**Records:**

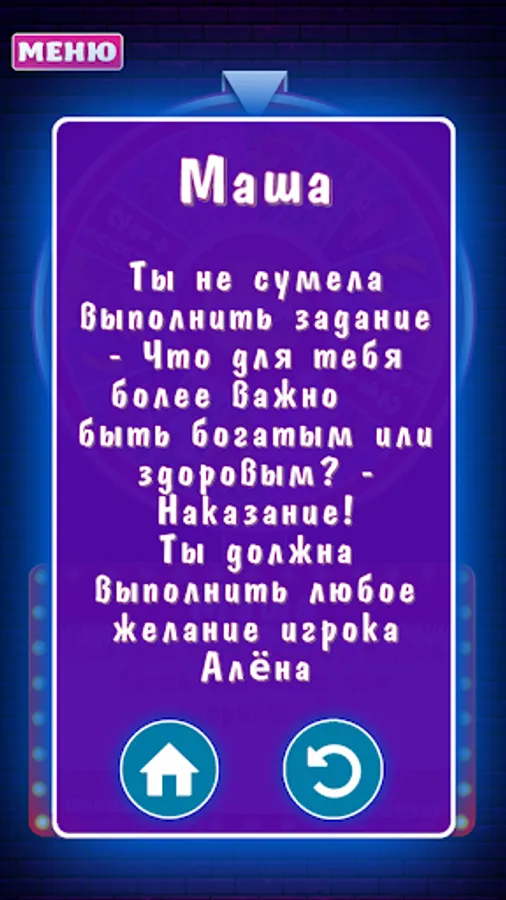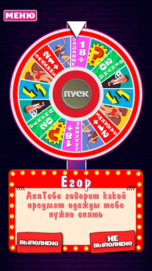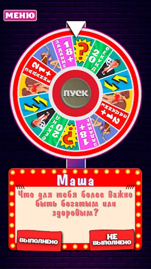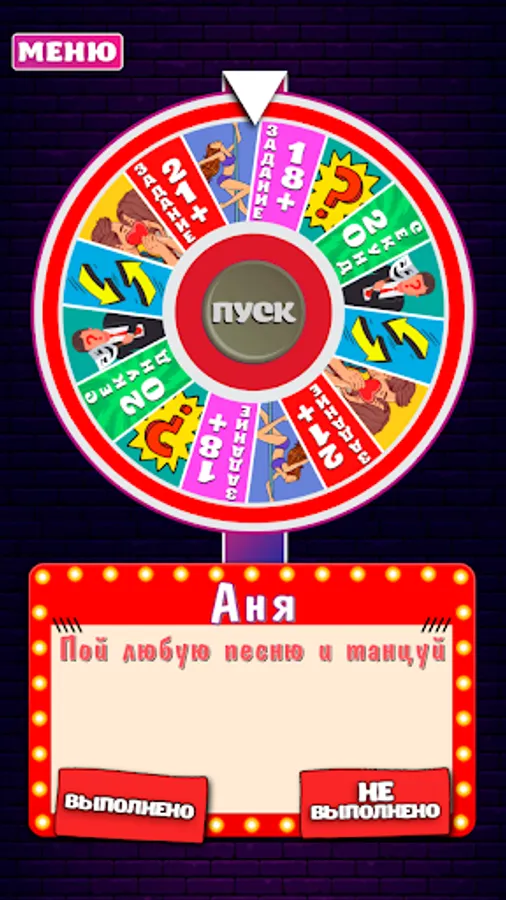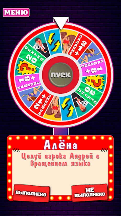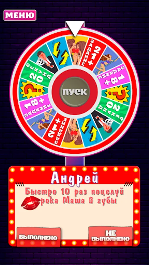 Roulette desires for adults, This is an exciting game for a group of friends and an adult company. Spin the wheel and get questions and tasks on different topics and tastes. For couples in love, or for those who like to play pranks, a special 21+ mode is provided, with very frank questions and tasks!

* * *

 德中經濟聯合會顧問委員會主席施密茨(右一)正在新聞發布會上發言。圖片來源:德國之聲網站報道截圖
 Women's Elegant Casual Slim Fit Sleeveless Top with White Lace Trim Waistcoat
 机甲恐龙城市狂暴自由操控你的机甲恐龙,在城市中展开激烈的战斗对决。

==

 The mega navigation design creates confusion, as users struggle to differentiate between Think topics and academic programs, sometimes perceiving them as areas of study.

**Exercise directions:**
Scan the listing above for the line that has "Women's Elegant Casual", then copy exactly from that line through the line that has "机甲恐龙城市狂暴自由操控你的机甲恐龙,在城市中展开激烈的战斗对决。".

**Reply:**
 Women's Elegant Casual Slim Fit Sleeveless Top with White Lace Trim Waistcoat
 机甲恐龙城市狂暴自由操控你的机甲恐龙,在城市中展开激烈的战斗对决。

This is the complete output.